## PROMPT
Only one stretch of lines is wanted: the line with "Schlagartig verändert sich" through the final line of the material. Restate it word for word, minus pictures.

## DATA
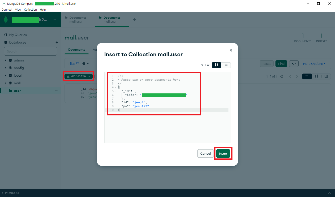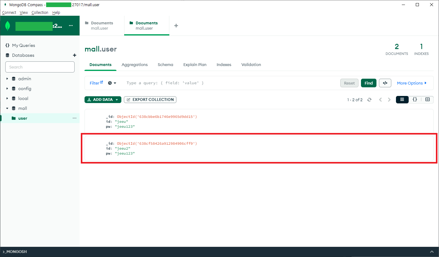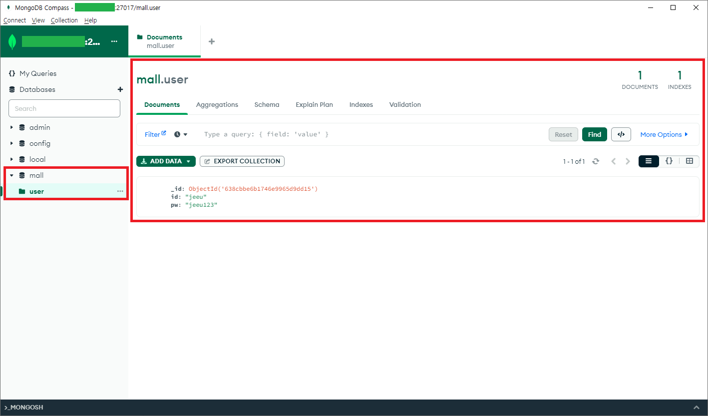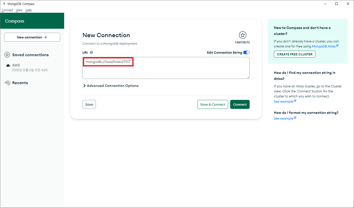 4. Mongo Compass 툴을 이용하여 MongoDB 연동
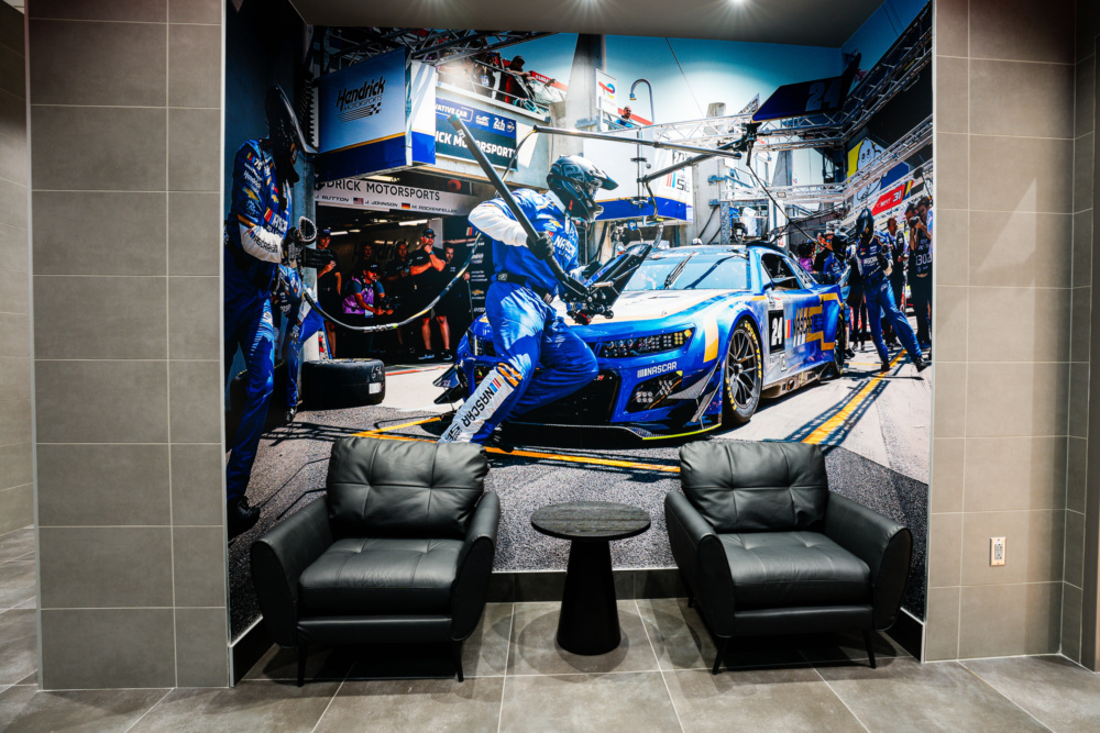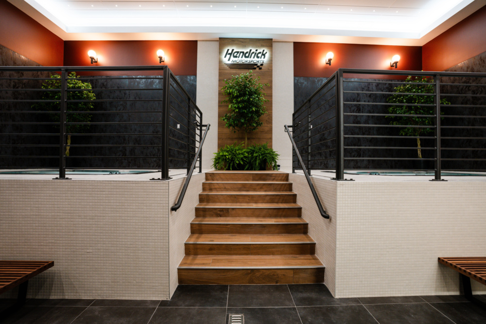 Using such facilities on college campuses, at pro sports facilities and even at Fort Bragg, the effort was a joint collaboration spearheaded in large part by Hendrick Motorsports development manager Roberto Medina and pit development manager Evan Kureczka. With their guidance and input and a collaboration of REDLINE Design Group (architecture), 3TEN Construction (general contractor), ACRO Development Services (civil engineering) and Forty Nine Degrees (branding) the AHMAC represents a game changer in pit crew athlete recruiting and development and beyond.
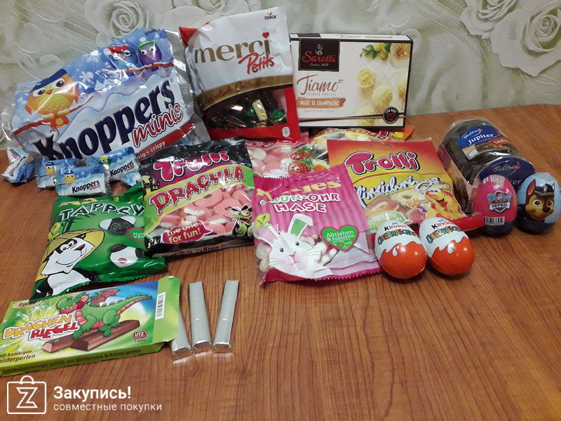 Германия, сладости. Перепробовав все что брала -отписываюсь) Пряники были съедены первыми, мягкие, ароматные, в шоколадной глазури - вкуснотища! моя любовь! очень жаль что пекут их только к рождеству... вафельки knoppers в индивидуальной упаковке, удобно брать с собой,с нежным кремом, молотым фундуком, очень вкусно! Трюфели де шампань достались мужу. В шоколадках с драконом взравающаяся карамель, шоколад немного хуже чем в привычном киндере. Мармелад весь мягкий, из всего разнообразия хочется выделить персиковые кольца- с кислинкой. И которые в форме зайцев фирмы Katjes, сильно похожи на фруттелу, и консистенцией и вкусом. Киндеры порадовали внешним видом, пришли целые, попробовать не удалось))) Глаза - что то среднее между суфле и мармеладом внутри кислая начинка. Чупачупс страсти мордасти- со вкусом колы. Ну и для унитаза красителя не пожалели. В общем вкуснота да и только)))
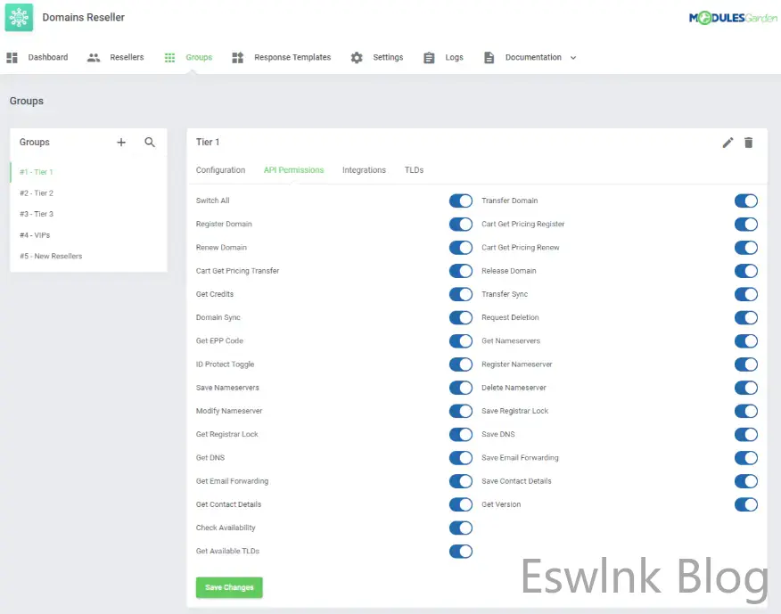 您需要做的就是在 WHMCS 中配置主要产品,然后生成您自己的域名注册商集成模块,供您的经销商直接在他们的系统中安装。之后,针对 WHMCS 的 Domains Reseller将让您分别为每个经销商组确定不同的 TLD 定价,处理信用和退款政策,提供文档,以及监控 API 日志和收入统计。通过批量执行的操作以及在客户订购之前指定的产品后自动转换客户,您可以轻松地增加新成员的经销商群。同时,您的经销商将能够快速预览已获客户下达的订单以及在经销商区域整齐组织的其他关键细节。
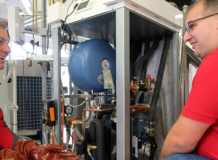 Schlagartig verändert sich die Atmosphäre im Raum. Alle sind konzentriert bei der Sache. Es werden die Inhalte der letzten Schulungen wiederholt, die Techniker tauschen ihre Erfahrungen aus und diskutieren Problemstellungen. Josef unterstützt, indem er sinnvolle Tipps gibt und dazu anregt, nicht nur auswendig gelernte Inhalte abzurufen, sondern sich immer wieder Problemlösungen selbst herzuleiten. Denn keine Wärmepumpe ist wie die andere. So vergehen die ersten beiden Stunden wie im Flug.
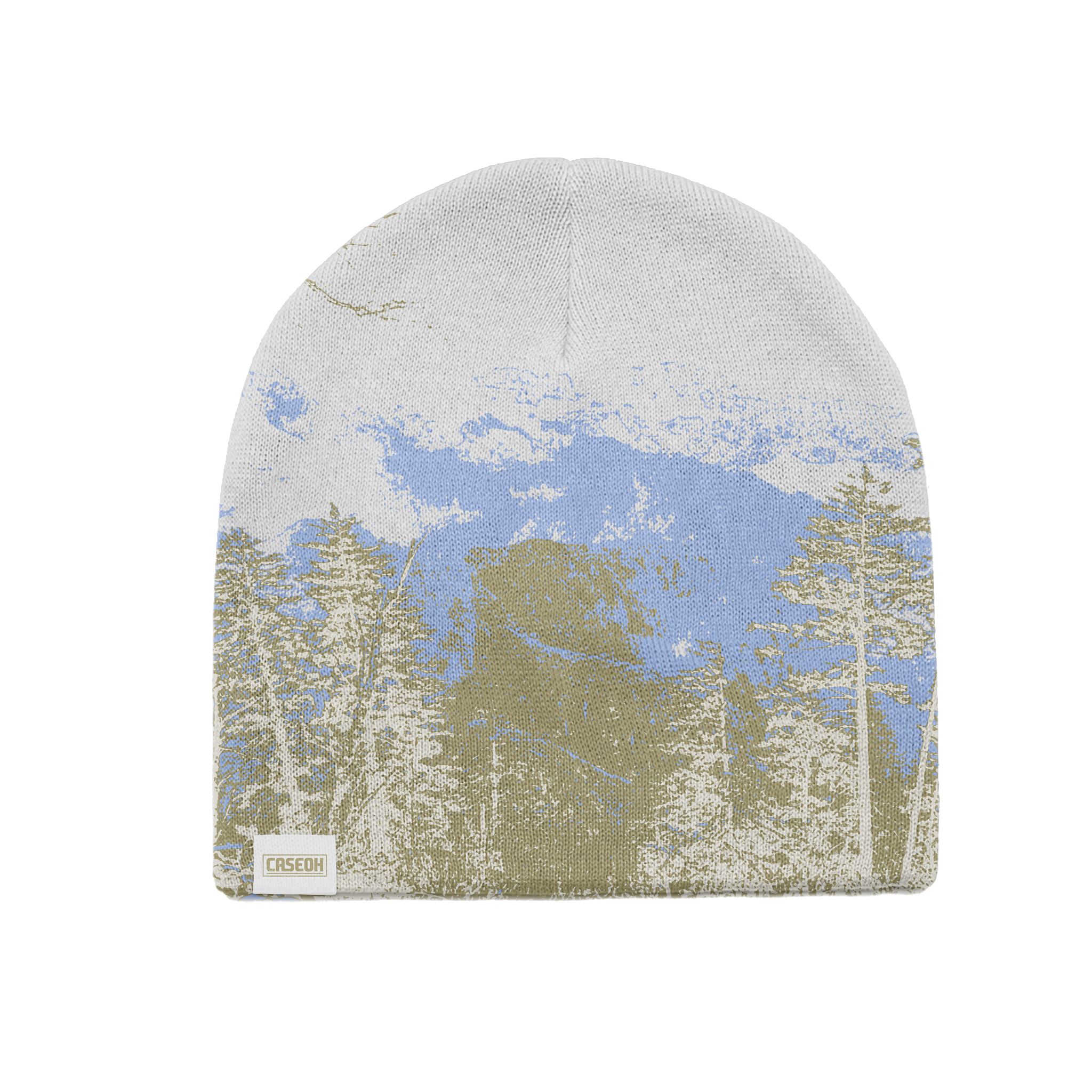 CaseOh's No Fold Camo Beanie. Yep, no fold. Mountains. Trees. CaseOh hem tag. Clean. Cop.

## TASK ANSWER
 Schlagartig verändert sich die Atmosphäre im Raum. Alle sind konzentriert bei der Sache. Es werden die Inhalte der letzten Schulungen wiederholt, die Techniker tauschen ihre Erfahrungen aus und diskutieren Problemstellungen. Josef unterstützt, indem er sinnvolle Tipps gibt und dazu anregt, nicht nur auswendig gelernte Inhalte abzurufen, sondern sich immer wieder Problemlösungen selbst herzuleiten. Denn keine Wärmepumpe ist wie die andere. So vergehen die ersten beiden Stunden wie im Flug.
 CaseOh's No Fold Camo Beanie. Yep, no fold. Mountains. Trees. CaseOh hem tag. Clean. Cop.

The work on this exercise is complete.